Every year around 4.500 Danes are implanted with a pacemaker due to heart problems. The battery usually lasts 5-10 years, and when it needs to be changed, it requires an operation. But not for much longer. A research team from AAU Energy, together with cardiologists from Aalborg University Hospital, has developed a micro-generator that is powered by the electrical impulseshearts movement from the heart and generates enough energy to drive a pacemaker.

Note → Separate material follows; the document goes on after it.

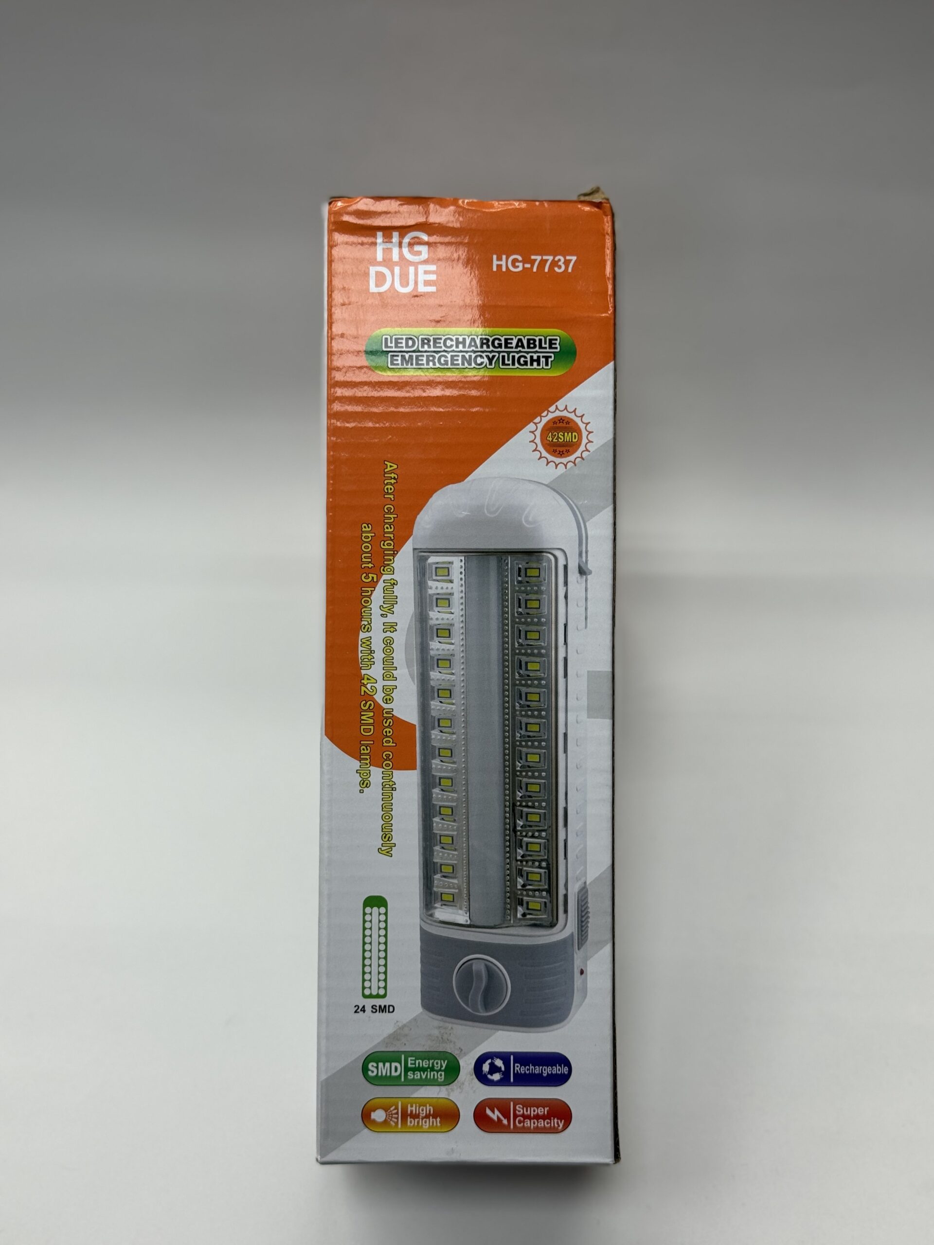 چراغ اضطراری شارژی LED مدل HG7737 با طراحی کممصرف و پرنور، گزینهای ایدهآل برای استفاده در مواقع قطعی برق، کمپینگ، سفر یا فعالیتهای شبانه است. این چراغ مجهز به 24 لامپ SMD کممصرف (24 SMD Energy Saving) بوده که در عین صرفهجویی در انرژی، نوردهی بالایی (High Brightness) ارائه میدهد.این مدل دارای باتری قابل شارژ با ظرفیت بالا (Super Capacity) است که پس از هر بار شارژ، روشنایی مداوم و مطمئنی را برای شما فراهم میکند. بدنه سبک و طراحی قابلحمل آن، استفاده در خانه یا فضای باز را بسیار ساده میسازد.

- Our solution converts the kinetic energy from the heart muscles into electrical energy that can drive a pacemaker, explains Associate Professor Alireza Rezaniakolaei from AAU Energy. Together with his colleagues he has developed the revolutionary new technology.

When the heart pumps the blood around inside the body, it produces a mechanical energy of about one Watt. The new microgenerator converts part of that energy into electricity. It creates enough current electrical power to keep a pacemaker going for the user's lifetime.

The solution we have developed and tested can produce significantly more than the few microwatts (one millionth of a watt) that pacemakers or other implants need,

Associate Professor Alireza Rezaniakolaei, AAU Energy

An end to dangerous battery changes

The pacemaker with the microgenerator has been successfully tested on a pigs, and the invention is now patented. This means that patients with a pacemaker will have an improved quality of life in the future.

Today, the battery for a pacemaker lasts about 10 years, after which it must be replaced. But with a power supply with no time limit, the patient avoids having to undergo surgery again, thereby significantly reducing the risk of various complications.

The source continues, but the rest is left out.